The role of aesthetic values can be properly understood only if we begin from the premise that most building is necessary building. Architecture is not a fine art like poetry, music or painting – an art that belongs in the world of leisure and excess. It survives regardless of its aesthetic merit, and is only rarely an expression of creative genius. There are great works of architecture and often, like the churches of Mansart or Borromini, or Christ Church Spitalfields for that matter, they are the work of a single person. But most works of architecture are not great and should not aspire to be so, any more than ordinary people should claim the privileges of genius when conversing with their neighbours. What matters in architecture is the emergence of a learnable vernacular style – a common language that enables buildings to be side by side without offending either each other or the place in which they stand. The failure of Modernism, in my view, lies not in the fact that it has produced no great or beautiful buildings – think of Le Corbusier’s Chapel at Ronchamp, or the houses of Frank Lloyd Wright. It lies in the absence of any reliable patterns or types, which can be used by ordinary builders so as to harmonise with the existing urban décor, while respecting the street and the façade as the defining contours of a shared space.
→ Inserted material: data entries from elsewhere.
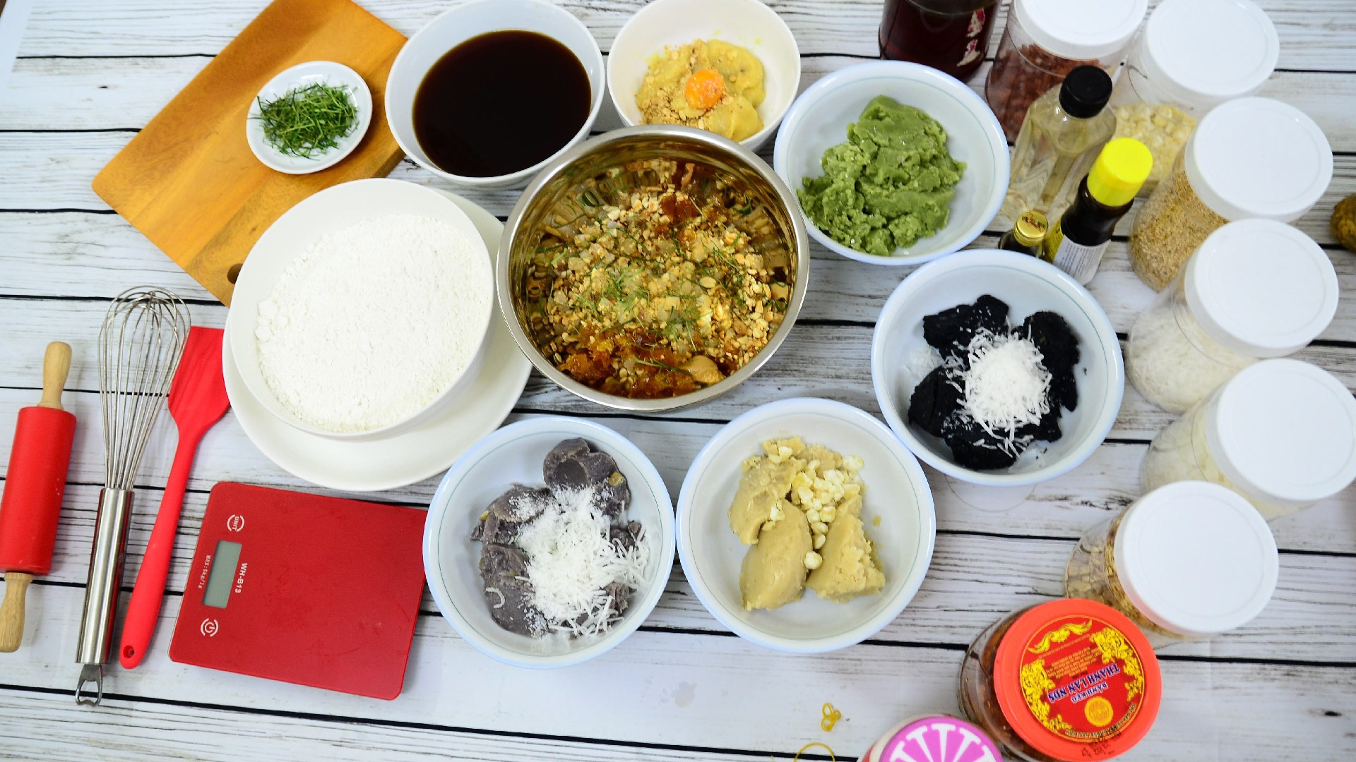 – Nặn bánh theo thỉ lệ 1 vỏ 2 nhân
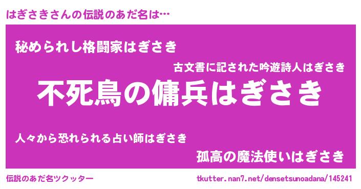 | 女子向けラノベタイトル風あだ名 | 『はぎさき姫と円卓の騎士』 |
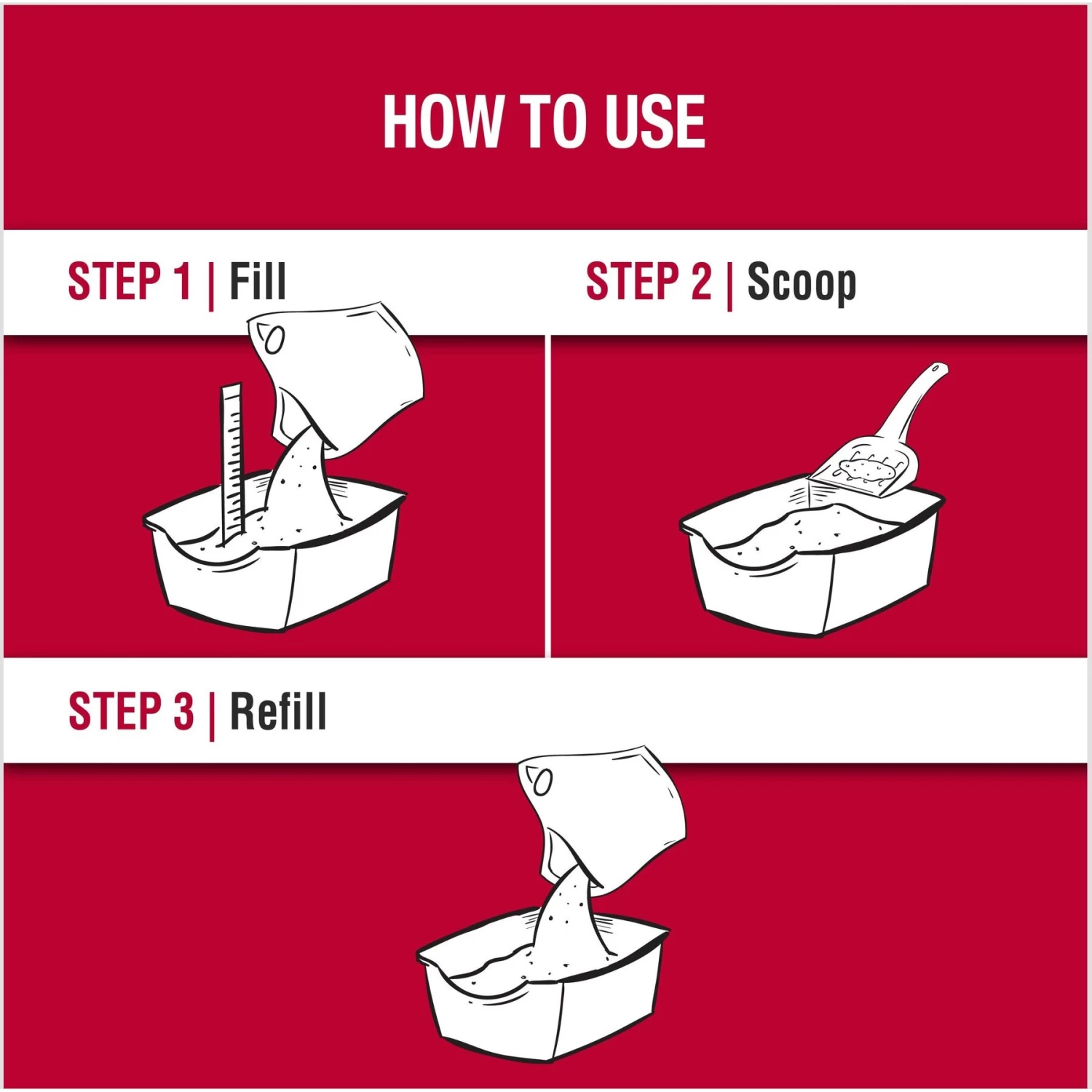 • Fill litter box 2-3 inches deep with litter. Scoop clumps and remove waste daily to ensure maximum freshness and odor control. Add more litter to maintain depth of 2-3 inches.
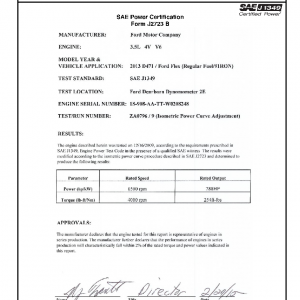 J1349 Certified Power Engine Data for Ford 3.5L as used in 2013 Ford Flex – Regular Fuel 91 RON – Level 1
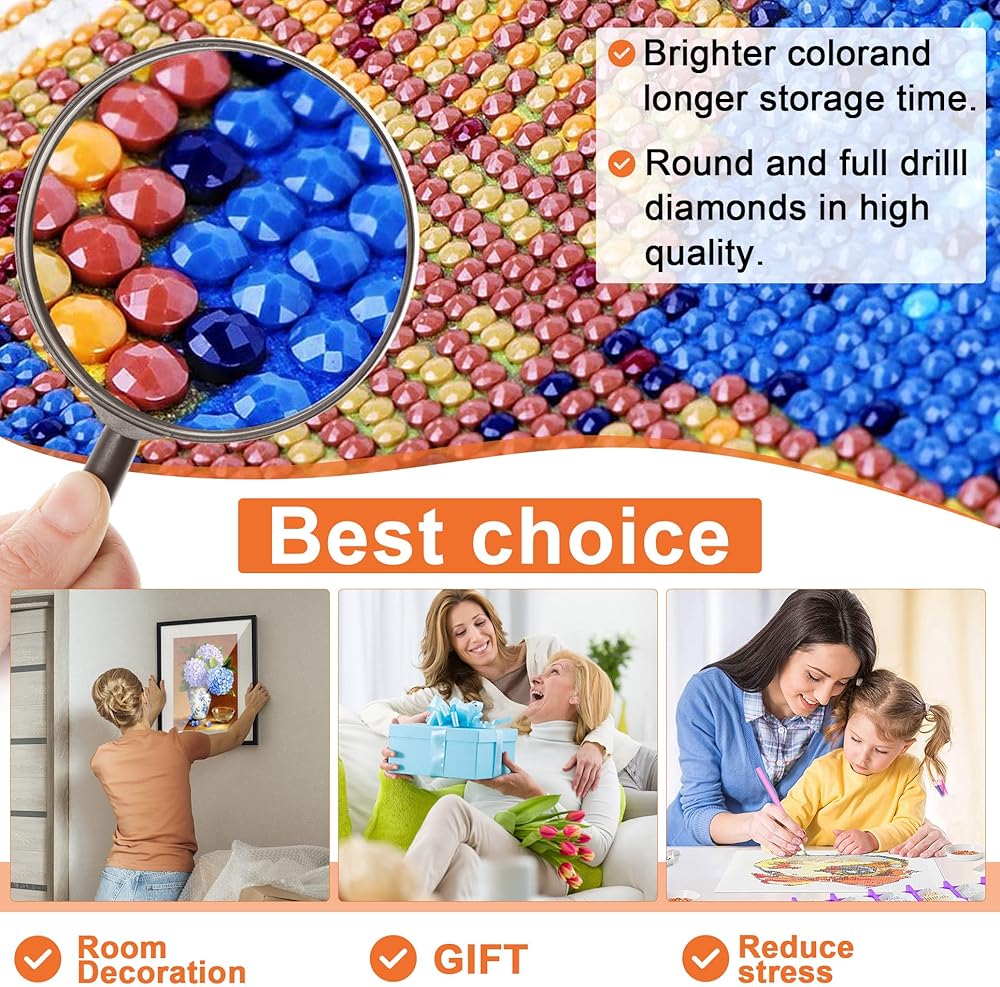 • Add more fun to life-DIY diamond painting can relieve stress, adjust emotions, increase self-confidence and persistently develop patience. Suitable for the elderly/childredults. Diamond art kits are extremely popular decorative kits, diamond painting kits can also be used as a gift for birthdays, Christmas, Thanksgiving, parties, weddings, etc.
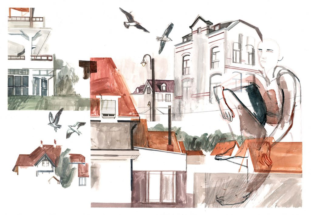Shortly after the release of her graphic novel, the book '(On)voltooid Verleden Tijd' (2016) appeared, a compilation of a series of columns by Cardon with Dutch columnist/novelist Arnon Grunberg. During the summer of 2015, the duo had serialized the work in the newspaper De Standaard. It followed a loose narrative about a man with memory problems and how his silent wife witnesses his decline. Grunberg wrote the text, while Cardon made the illustrations. Each worked alone and shared their ideas and contributions through WhatsApp. That way they could inspire each other and send the improvised story into different directions.
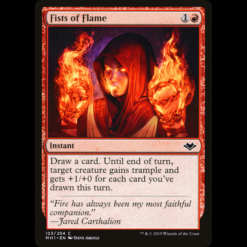 Draw a card. Until end of turn, target creature gains trample and gets +1/+0 for each card you've drawn this turn. (A creature with trample can deal excess combat damage to the player or planeswalker it's attacking.)
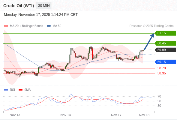 在 59.15 之上,看涨,目标价位为 60.45 ,然后为 61.15 。
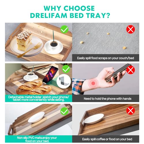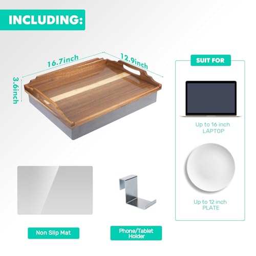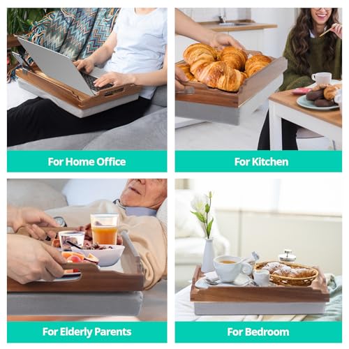 Lap Desk with Cushion,Wooden Bed Tray Table for Eating,Lap Tray in Recliner,Breakfast Tray,TV Dinner Bed Food Trays (Acacia Wood 1)
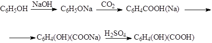 Салициловую кислоту получают в очень больших количествах, действуя углекислым газом на фенолят натрия при нагревании под давлением, образующуюся натриевую соль переводят с помощью серной кислоты в салициловую кислоту.
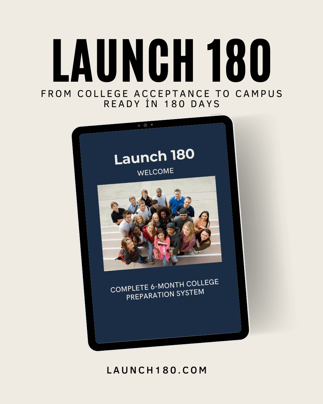 Launch180 is a complete 6-month college preparation system that builds the emotional, practical, social, and financial skills students need to not just survive college — but genuinely thrive there.
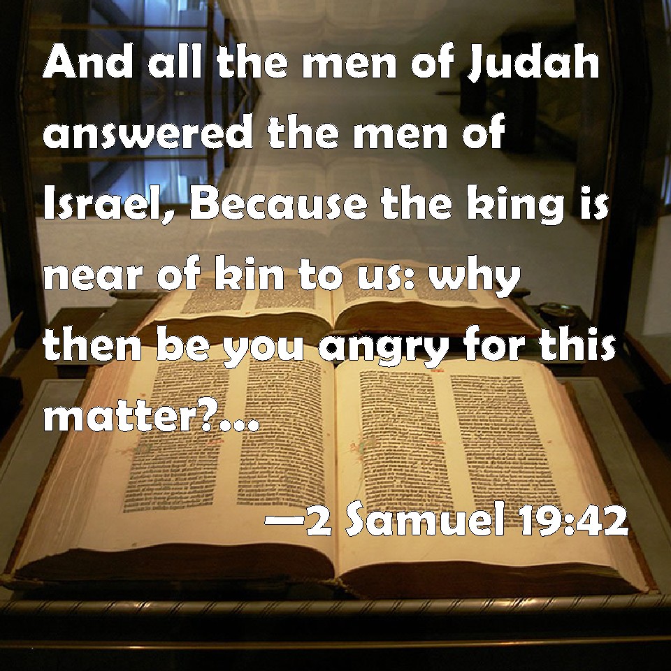 Choose a Background 2 Samuel 19:42 And all the men of Judah answered the men of Israel, Because the king is near of kin to us: why then be you angry for this matter? have we eaten at all of the king's cost? or has he given us any gift? KJV: And all the men of Judah answered the men of Israel, Because the king is near of kin to us: wherefore then be ye angry for this matter? have we eaten at all of the king's cost? or hath he given us any gift? DRB: And all the men of Juda answered the men of Israel: Because the king is nearer to me: why art thou angry for this matter? have we eaten any thing of the king's, or have any gifts been given us? DBT: And all the men of Judah answered the men of Israel, Because the king is near of kin to me; and why then are ye angry for this matter? have we eaten anything which came from the king, or has he given us any present? ERV: And all the men of Judah answered the men of Israel, Because the king is near of kin to us: wherefore then be ye angry for this matter? have we eaten at all of the king's cost? or hath he given us any gift? WBT: And all the men of Judah answered the men of Israel, Because the king is near of kin to us: why then are ye angry for this matter? have we eaten at all at the king's cost? or hath he given us any gift? WEB: All the men of Judah answered the men of Israel, "Because the king is a close relative to us. Why then are you angry about this matter? Have we eaten at all at the king's cost? Or has he given us any gift?" YLT: And all the men of Judah answer against the men of Israel, 'Because the king is near unto us, and why is this — ye are displeased about this matter? have we at all eaten of the king's substance? a gift hath he lifted up to us?'Links 2 Samuel 19:42 NIV • 2 Samuel 19:42 NLT • 2 Samuel 19:42 ESV • 2 Samuel 19:42 NASB • 2 Samuel 19:42 KJV • 2 Samuel 19:42 Interlinear • 2 Samuel 19:42 Commentaries • 2 Samuel 19:42 Parallel Texts • 2 Samuel 19:42 Bible Apps • 2 Samuel 19:42 Parallel • Bible Hub |
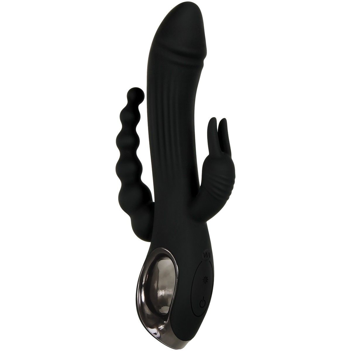 Откройте для себя самый интенсивный и глубоко удовлетворяющий оргазм из всех возможных! Стимулируйте сразу три эрогенные зоны, чтобы испытать потустороннее удовольствие, от которого у вас ослабеют колени. Реалистичный основной вал фаллической формы обеспечивает мощные внутренние вибрации, в то время как стимулятор клитора ускорит достижение кульминационного момента. Тем временем, анальный отросток мягко и постепенно проскальзывает в анус, чтобы завершить дразнящий трифект удовольствия! Найдите правильный ритм для вашего уникального вкуса, наслаждаясь тремя двигателями. • Нацелен на 3 эрогенные зоны для интенсивных оргазмов • Главный ствол фаллической формы • Стимулятор клитора в форме кролика • Анальный стимулятор с шариками • Гибкость • 3 двигателя • Главный стимулятор (вагинальный) управляемый независимо • Клиторальный и анальный стимуляторы управляются вместе • 10 мощных вибрационных скоростей и функций в каждом двигателе • Простая в использовании 3-кнопочная панель управления • Светодиодные индикаторы освещают кнопки при использовании • Изготовлен из гладкого силикона • Стильная черная хромированная ручка с кольцом • Без фталатов и латекса • Водонепроницаемый и погружной • USB магнитный перезаряжаемый, кабель в комплекте

The degradation of our cities is the result of a Modernist vernacular, whose principal device is the stack of horizontal layers, with jutting and obtrusive corners, built without consideration for the street, without a coherent façade, and without intelligible relation to its neighbours. Such buildings, generated from ground plans, cannot be stitched into the urban fabric, but form blank and detached surfaces, bounded by edges, with no welcoming apertures to mark the boundary between inside and outside, and no decorative stitching to bind them to the neighbours, to the skyline or to the street.
In order to know why we should not build in that way, it is not sufficient, though it is of course highly relevant, that everybody, other than the developer and the architect, dislikes it. We need to explore the foundations of aesthetic judgment. The planning and development of towns in the post-war era has been dominated by two erroneous views about the aesthetic. The first is that aesthetic values are purely subjective, mere records of individual preferences, for which no independent grounds can be given. The second is, to a certain measure, in tension with the first, namely that aesthetic success in architecture is a matter of ‘standing out’ from the surroundings, creating an unforgettable presence, an ‘iconic’ structure that will advertise itself and its contents to the wider world. The combined effect of those two dogmas is to silence all argument concerning the effect of new buildings on the urban fabric, while giving precedence to whatever is maximally intrusive.
Kant marked out a central place for aesthetic pleasure in the life of the rational being, arguing that the judgment of beauty is both disinterested and universal. In aesthetic judgment, he wrote, we are ‘suitors for agreement’, not content with irresoluble differences of taste, but always striving for consensus. This is especially true in everyday life. For in aesthetic judgment we view our surroundings as ends in themselves, abstracting from the demands of utility and function. Hence aesthetic interest is always searching for what is permanent, intrinsically valuable, in harmony with our shared form of life. It is the one sure guide to getting things right, not just for the here and now of our current interests, but permanently, and for the community as a whole.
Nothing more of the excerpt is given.